## TASK DETAILS
Please repeat only the lines below starting at the line that holds "點有一些輕微的負(fù)斜率、接近垂直,并且% Occupied高達(dá)90以上, %" and ending at the line that holds "Wild Mushroom Latte", exactly, with both of those lines included and every picture omitted.

## RECORDS PROVIDED
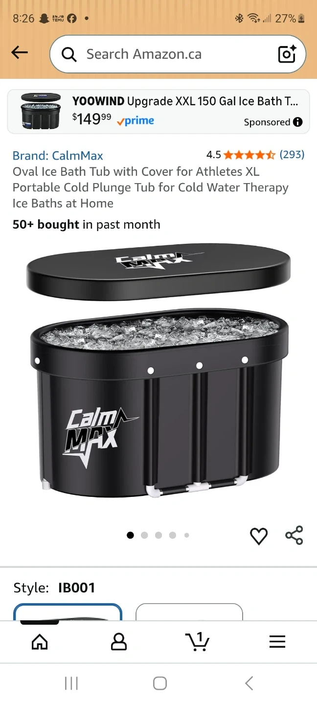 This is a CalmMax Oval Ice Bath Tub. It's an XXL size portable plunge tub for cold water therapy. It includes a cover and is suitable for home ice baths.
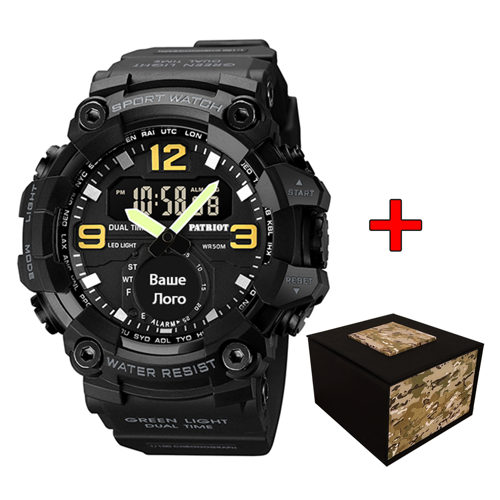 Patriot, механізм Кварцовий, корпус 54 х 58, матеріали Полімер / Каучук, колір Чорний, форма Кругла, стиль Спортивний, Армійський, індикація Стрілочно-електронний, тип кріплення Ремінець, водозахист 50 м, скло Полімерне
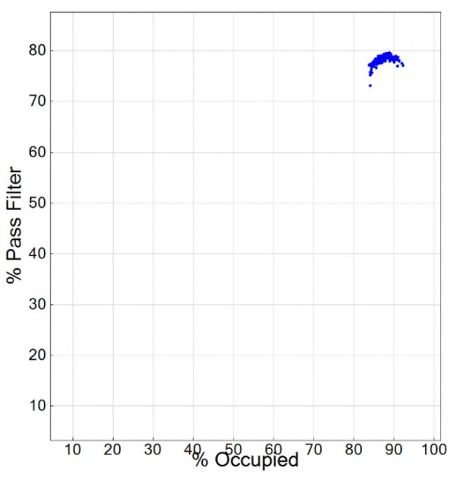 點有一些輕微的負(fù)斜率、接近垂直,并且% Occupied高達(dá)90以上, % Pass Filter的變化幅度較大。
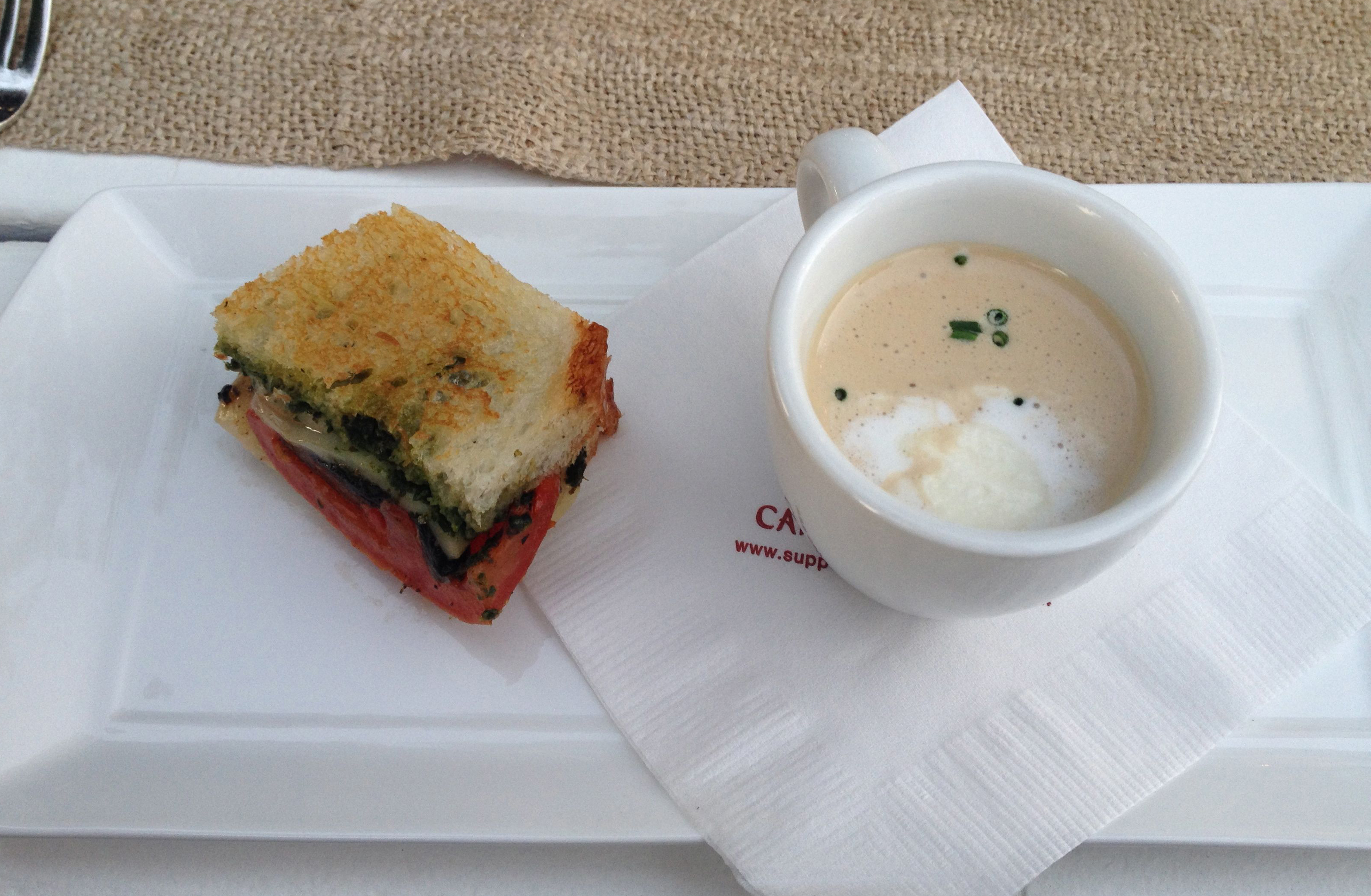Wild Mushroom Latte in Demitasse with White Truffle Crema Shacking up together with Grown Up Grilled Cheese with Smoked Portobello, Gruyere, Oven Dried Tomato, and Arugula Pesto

* * *

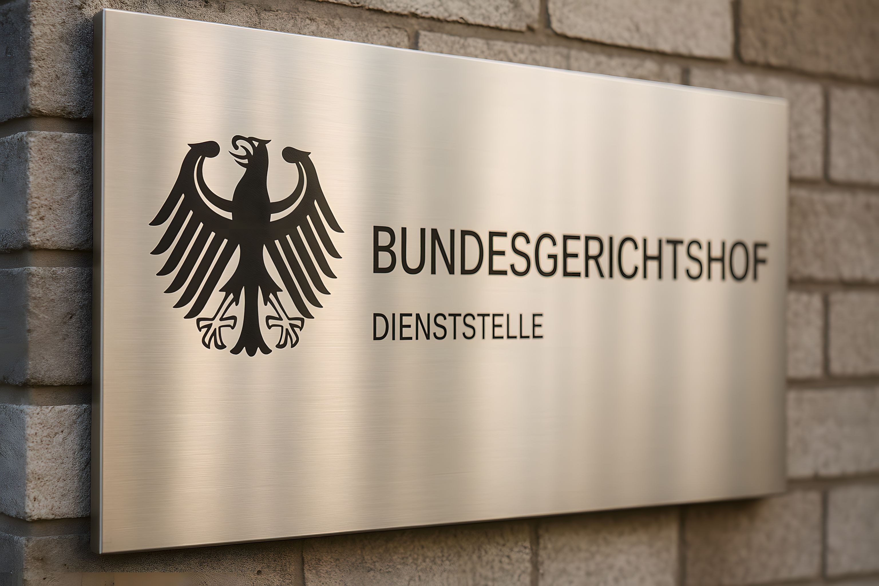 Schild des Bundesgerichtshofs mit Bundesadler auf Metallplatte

## COMPLETED TASK
 點有一些輕微的負(fù)斜率、接近垂直,并且% Occupied高達(dá)90以上, % Pass Filter的變化幅度較大。
Wild Mushroom Latte in Demitasse with White Truffle Crema Shacking up together with Grown Up Grilled Cheese with Smoked Portobello, Gruyere, Oven Dried Tomato, and Arugula Pesto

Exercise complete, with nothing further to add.